Saudi Arabia denies reports about financial help to 9/11 hijackers

Published November 24th, 2002 - 02:00 GMT
Al Bawaba
Al Bawaba

Saudi Arabia has denied allegations that its government helped finance two of the hijackers involved in last year's 11 September attacks on the United States.  

 

According to the BBC, Nail al-Jubeir, an aide to Saudi Arabia's de facto ruler Crown Prince Abdullah, said reports that the wife of the Saudi ambassador to America sent money to the hijackers were "untrue and irresponsible".  

 

According to US media reports, the two hijackers - Khalid al-Mihdhar and Nawaf al-Hazmi - received $3,500 a month from two students in the United States via an account in the name of Princess Haifa al-Faisal, the Saudi ambassador's wife.
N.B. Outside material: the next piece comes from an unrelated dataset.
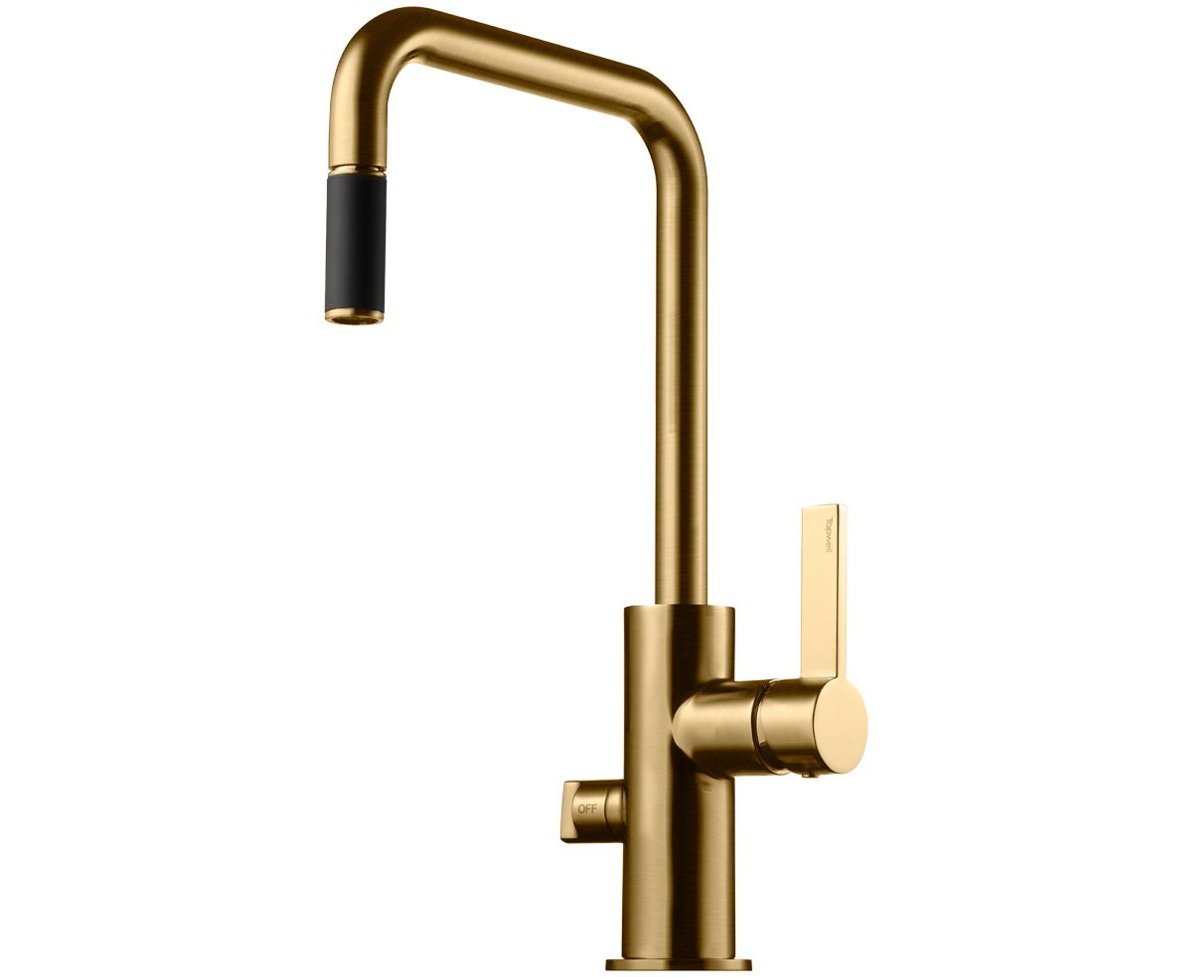 Kjøkkenbatteri med høy svingbar tut, avstengning for oppvaskmaskin og uttrekkbar hånddusj. Farge: Brushed Honey Gold
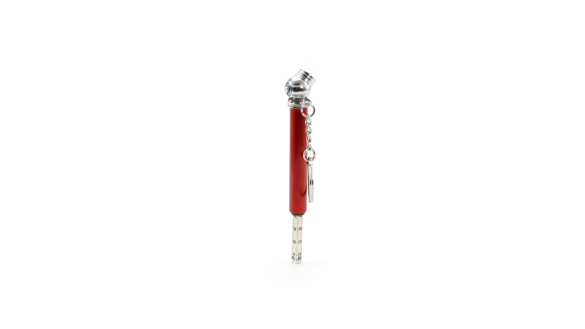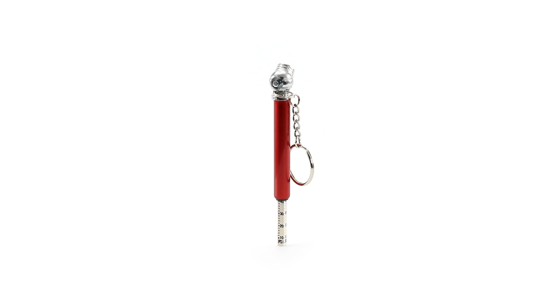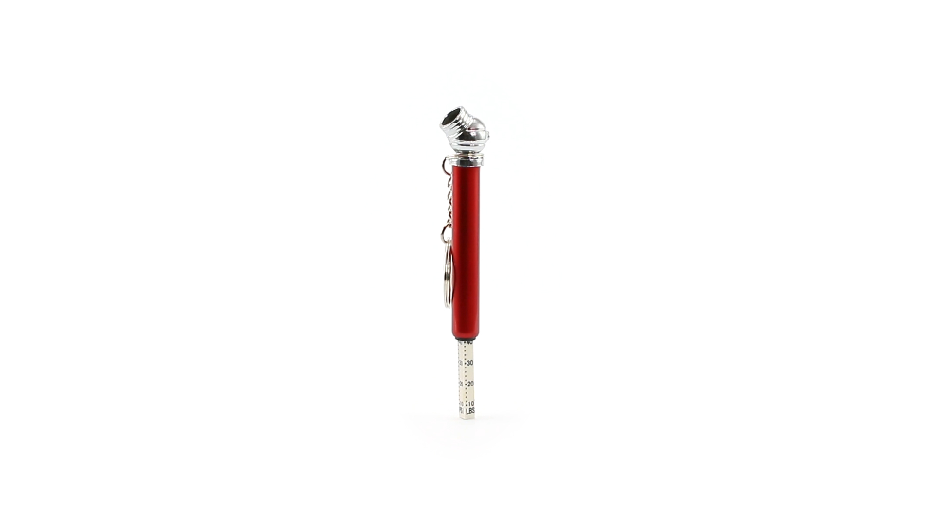 Schlüsselanhänger-Manometer für Reifen. In Aluminium-Ausführung und verschiedenen lebendigen Farben.

Al-Jubeir said the money did not come directly from the princess. "She wants her name cleared," he said.  

 

But al-Jubeir admitted that an internal Saudi investigation had found the princess had been regularly sending charitable contributions to a Saudi woman named Magda Ibrahim Ahmed, and slightly more than half of that money had been forwarded by that lady to either Osama Bassnan or Janet Bassnan or Manal al-Bayoumi, assumed to be Omar al-Bayoumi's wife.  

 

"They don't know who this lady is and how she was able to get on Princess Haifa's recipient list," said al-Jubeir.  

 

He described Princess Haifa as "a very generous woman who cares deeply about the welfare of Saudi citizens, in particular those in need." 

 

The US Federal Bureau of Investigation has launched a probe into whether Saudi charitable funds had been funneled to the two Saudi hijackers, US officials said.  

 

"The FBI continues to pursue all investigative leads in its counterterrorism efforts in a thorough and confidential manner," the bureau said in a three-paragraph statement released late Saturday, adding that for "obvious reason" it cannot disclose details of a pending investigation. 

 

Newsweek magazine, which broke the story, said that payments went from the princess's account at Washington's Riggs Bank to the family of Saudi national Omar Al-Bayoumi, who studied in California and befriended al-Mihdhar and al-Hazmi. 

 

After al-Bayoumi left the country in mid-2001, payments for approximately the same amount began flowing to Osama Bassnan, another friend of both al-Bayoumi and the future hijackers, according to the magazine.  

 

U.S. sources said on Friday that a congressional inquiry into intelligence failures related to last year's September 11 attacks was investigating a possible funding link between the Saudi government and two of the hijackers.  

 

"While you have an ongoing investigation, it's important not to rush to judgment," said Saturday National Security Council spokesman Sean McCormack during a visit by President George W. Bush to Romania.  

 

Some government sources cautioned there was no definitive proof of Saudi government involvement, but that congressional investigators were looking at information that suggested it.  

 

FBI agents found the phone number of the Saudi Embassy in Al-Bayoumi's apartment, The Washington Post reported. Saudi officials told the newspaper that there was no link between Al-Bayoumi and any Saudi government employee.  

 

U.S. and British media have reported that U.S. federal investigators believe Al-Bayoumi helped pay the rent for the two men's San Diego apartment. (Albawaba.com)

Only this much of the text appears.